Simpler tooling requirements, reducing overall costs.
Suitable for creating internal threads in small holes.
Disadvantages of Tapping:
Limited to shallower holes due to the need for the tap to fully penetrate the material.
Risk of tap breakage, especially in harder materials.
Less flexible in creating complex or custom thread profiles.
Advantages of Threading:
Greater precision and flexibility, especially with thread milling.
Ability to create stronger threads, particularly with rolled threads.
Suitable for deeper holes and more complex thread profiles.
Disadvantages of Threading:
Slower process, which may not be ideal for high-volume production.
Higher cost due to more specialized tools and equipment.
Requires more skilled operators and precise control.
Blind holes and through holes are used in different scenarios based on the assembly requirements. Blind holes, where the hole does not go through the entire material, are often used when the other side of the workpiece must remain intact or when a flush surface is needed on one side. Through holes, which pass completely through the material, are used when a fastener needs to extend all the way through the workpiece, often secured with a nut on the opposite side. The choice between tapping and threading can also depend on whether the hole is blind or through, with tapping being more common for blind holes and threading for through holes.
Both tapping and threading require specific tools, each suited to the method and material being used:
Tapered Taps
Tapered taps have a gradual taper at the end, making them ideal for starting the threading process.

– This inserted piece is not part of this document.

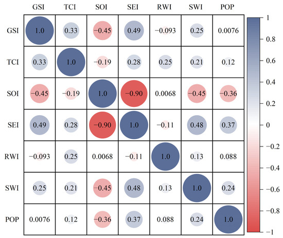 Spearman’s correlation analysis was performed to assess the correlation between all pairs of independent variables. As indicated in Figure 6, there is a significant, strong negative correlation between the SOI and the SEI among the independent variables. The other independent variables do not show multicollinearity, with correlation coefficients below 0.7. Moreover, the correlations between the SOI and the RWI, as well as between the POP and the GSI, are not statistically significant.

They are used to begin cutting threads in a pre-drilled hole, with the tapered design allowing for easier alignment and reducing the risk of tool breakage.
Plug Taps
Plug taps are used to continue the threading process after a tapered tap has started the thread. They have fewer tapered threads and more full-sized cutting edges, making them versatile for threading through holes or finishing the threads in a blind hole.
Bottom Taps
Bottom taps have full-sized cutting edges with minimal taper, designed for cutting threads to the bottom of a blind hole. These taps are essential when the full depth of the hole needs to be threaded, ensuring a strong and secure connection.

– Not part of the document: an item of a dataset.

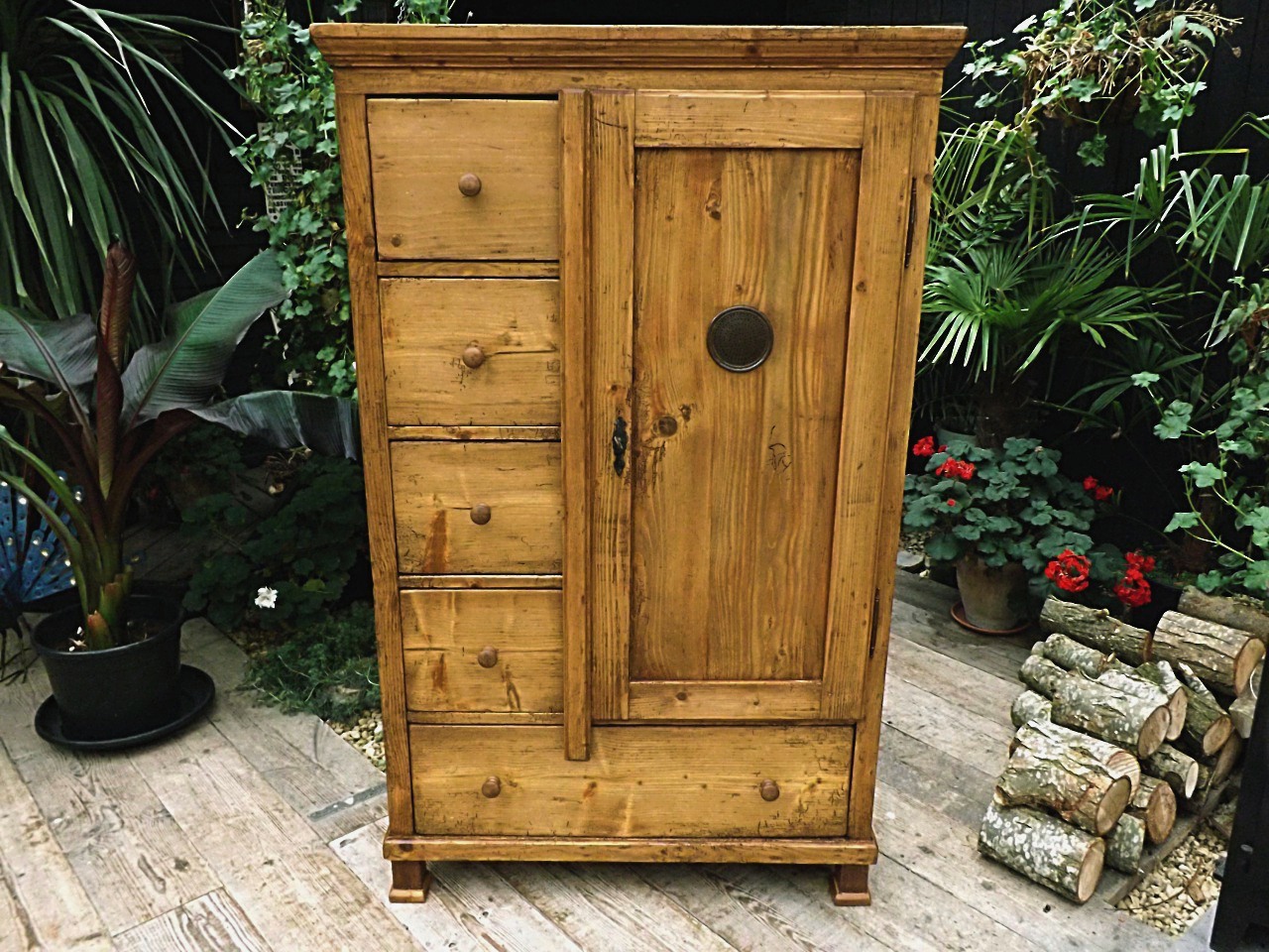Old Antique Pine Storage Cupboard - Food / Linen / Kitchen / Larder / Cabinet

Choosing the correct drill size for tapping is critical for achieving accurate threads:
Check Tap Size
Start by determining the tap size needed for your project. The tap size will dictate the diameter of the hole that needs to be drilled.
Reference Drill Chart
Use a tap drill chart to find the correct drill bit size for the tap you are using. The chart provides the recommended drill size for various thread sizes and types, ensuring that the hole is properly sized for the tap.
Pre-Drilling
Pre-drilling the hole to the correct size is essential for successful tapping. Ensure that the hole is drilled straight and to the correct depth, especially when working with blind holes.
Material Considerations
Consider the material being tapped, as harder materials may require slightly larger drill sizes to reduce the force needed to tap the threads, preventing tool breakage and ensuring clean threads.

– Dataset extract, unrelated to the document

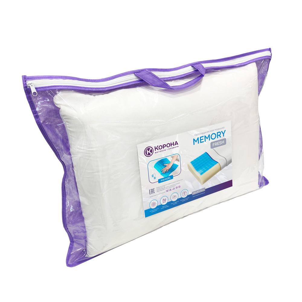 Подушка ортопедической формы с охлаждающим гелем «Aquagel». Особый состав геля сохраняет изначальную температуру и не нагревается в первые несколько минут использования подушки. Приятная прохлада способствует расслаблению и переход в быструю фазу сна будет комфортным и более эффективным. Чехол всех моделей подушек выполнен из хлопкового страйп-сатина. Эта натуральная ткань, используемая для качественного постельного белья, прекрасно дышит, и обеспечивает отличный воздухообмен.- Состав: формованная анатомическая пена с эффектом памяти «Memorix» с охлаждающим гелем «Aquagel»

Understanding the different cutting tools and thread mills available is crucial for selecting the right tools for your threading or tapping project. Thread mills offer greater flexibility and precision, especially for creating custom thread profiles or working with challenging materials. Cutting tools, such as taps, are more straightforward and cost-effective, making them suitable for high-volume production where standard threads are required.
At VMT, we offer comprehensive CNC machining services, including precision threading and tapping. Our CNC machining factory is equipped with state-of-the-art machinery and skilled technicians, ensuring that your parts are manufactured to the highest standards of quality and precision. Whether you need standard tapped holes or custom-threaded components, we can meet your needs with our advanced CNC prototype machining and custom CNC machining capabilities.
Both tapping and threading can encounter issues that affect the quality of the threads or the integrity of the part:
What to Do with a Broken Tap?
A broken tap can be a significant problem, especially in a blind hole. To remove a broken tap, specialized tools like tap extractors or EDM (electrical discharge machining) may be required. Preventing tap breakage through proper lubrication, correct speed, and careful alignment is key to avoiding this issue.
How to Fix Misaligned Threads?
Misaligned threads can compromise the strength and functionality of a threaded hole. If misalignment occurs, re-tapping the hole with a slightly larger tap or using a thread repair insert can correct the issue. In some cases, the hole may need to be re-drilled and tapped to ensure proper alignment.
How to Prevent Thread Damage During Tapping?
To prevent thread damage during tapping, use the correct tap size and type, apply cutting fluid to reduce friction, and avoid excessive force when turning the tap. Ensuring that the tap is properly aligned with the hole is also critical to prevent cross-threading and other forms of damage.
What is the Difference Between a Threaded and Tapped Hole?
A threaded hole refers to any hole with internal threads, while a tapped hole specifically refers to a hole that has been threaded using a tap. Both terms are often used interchangeably, but tapping refers specifically to the process of creating the threads.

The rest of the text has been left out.